Unscrupulous using dengue to make money?

Private hospitals allegedly misdiagnosing patients with dengue fever and prescribing unnecessary costly treatment.

LAHORE:
The Health Department of the city district government of Lahore (CDGL) is likely to crack down soon on certain private hospitals allegedly misdiagnosing patients with dengue fever and prescribing costly treatment without the need, The Express Tribune has learnt.

The CDGL has been receiving over 1,000 calls a day recently from people asking it to fumigate their neighbuorhoods because someone had contracted “dengue fever”. A large number of complainants mentioned that the patients diagnosed with dengue fever had been injected with platelets at some private hospital.

The district health officer said that private hospitals appeared to be treating visiting patients for dengue fever without proper diagnosis. He said that some patients seemed to have been injected unnecessarily with platelets.

He said that only patients with a platelet count of less than 20,000 required platelet injections. He criticised these hospitals and doctors for sensationalising the disease and exploiting it.

He added that the teaching hospitals and the Blood Transfusion Authority had been provided with a sufficient number of platelet kits and requested people to visit government hospitals for proper diagnosis of the disease.

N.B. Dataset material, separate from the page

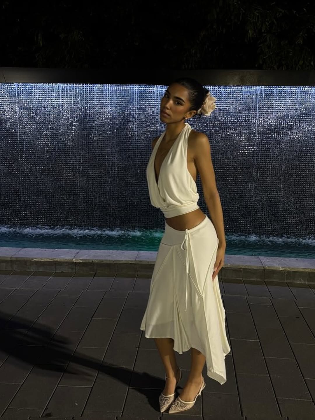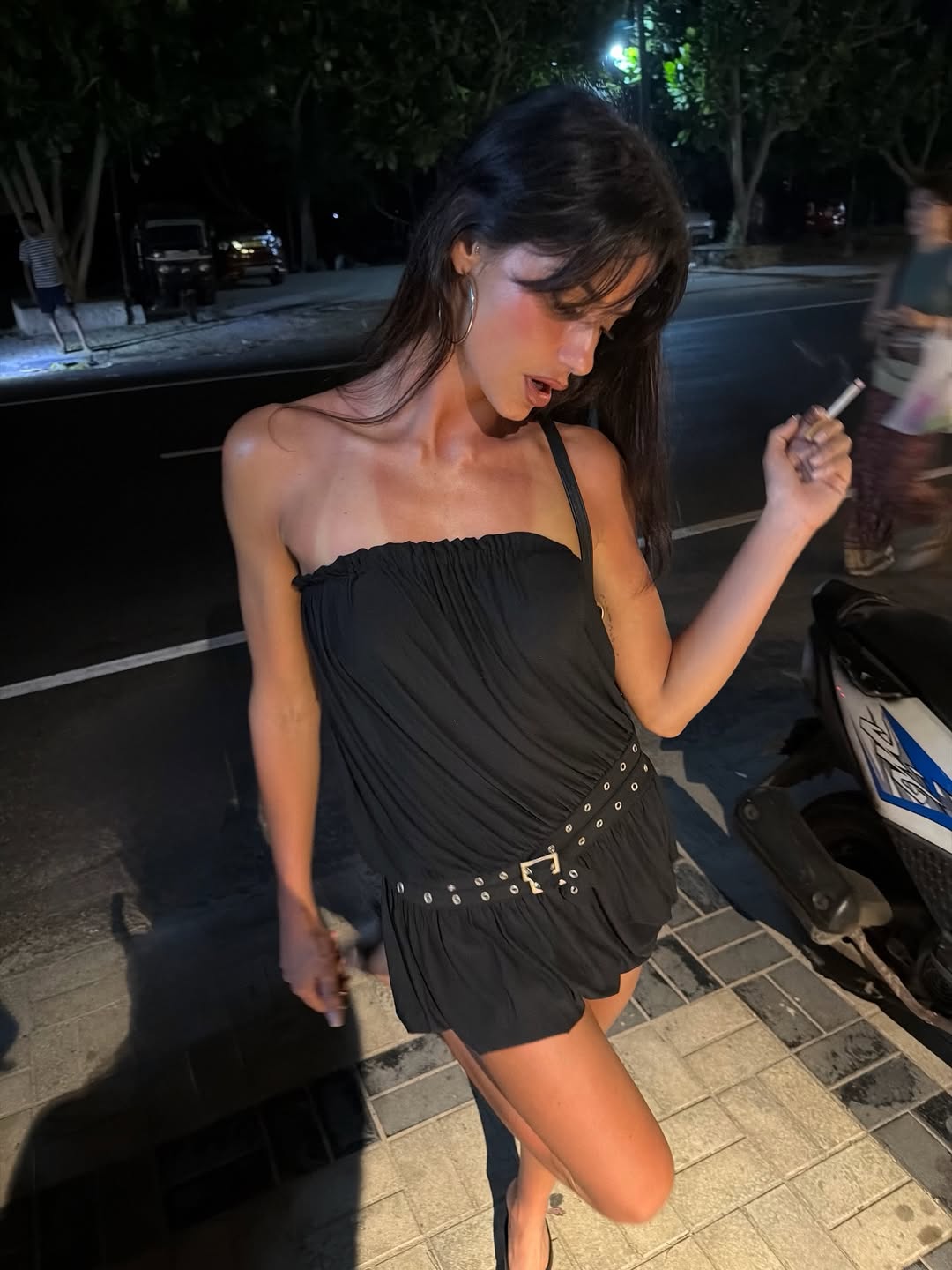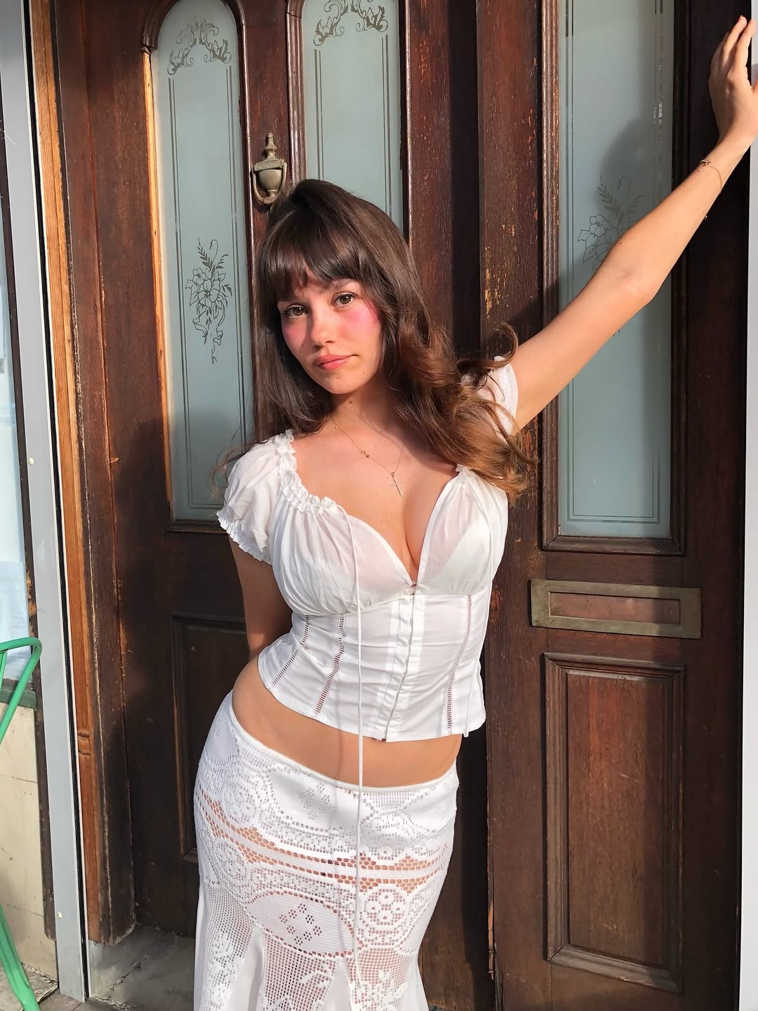 With Jéan, the Los Angeles-born label launched in 2019, has mastered romantic minimalism through body-conscious separates that fuse tactile softness with subtle provocation—think sheer knits, lingerie-adjacent details, and modern-femme nostalgia. Captured in the label’s signature 'SEEN IN WITH JÉAN 💌' moment, this look pulses with intentional sensuality: the $157 Minivestido Elouise, a midweight 100% cotton open-knit crochet pull-on that drapes unlined over curves for breathable allure; the $154 Francis Top in lightweight acrylic-poly jersey, its low front tie closure teasing just enough skin; the $152 Florence Mini Skirt, semi-sheer cotton-poly blend hugging hips with provocative brevity; and the $259 Sabrin Dress, fully lined polyester-rayon-spandex with a front button loop for tailored seduction. These pieces, from crochet’s tactile embrace to jersey’s fluid fit, are crafted for occasions demanding quiet confidence—intimate dinners, moonlit gallery hops—where every hem and neckline invites lingering glances.

The Health Department, he said, would soon launch a public awareness campaign to educate people about the symptoms of the dengue fever.

Dr Saeed Elahi, the parliamentary secretary for health, said that the CDGL’s Centre for Communicable Diseases at Bilal Gunj, a 200-bed facility, was being dedicated for diagnosis and treatment of dengue patients. Dr Elahi said that the decision would be implemented in a few days.

He said that the government hospitals were provided free of charge diagnosis and treatment to the dengue patients.


The administrations, he said, have been directed to keep 10 to 30 beds for dengue patients.

He said that the government had provided the district administration with sufficient quantities of anti-mosquito spray and about 150 pumps. He added that the health department of the CDGL has been directed to complete the fumigation of all union councils.

Elahi said that the government would take notice of the complaints of misdiagnosing people or selling platelet kits at unreasonable prices.

He said that the Jinnah Hospital has been provided with more than 350 platelet kits.

The government, he said, would request the World Health Organisation, the UNICEF and other agencies for their help to import more platelet kits.

Chief Minister Shahbaz Sharif, during a meeting to review the measures being taken to control the dengue outbreak on Friday, directed the Health Department to immediately import more medical kits.

The Communicable Disease Control Cell said the total number of cases reported in the province until Friday was 1,359, of this 1,185 was in Lahore.

Published in The Express Tribune, October 30th, 2010.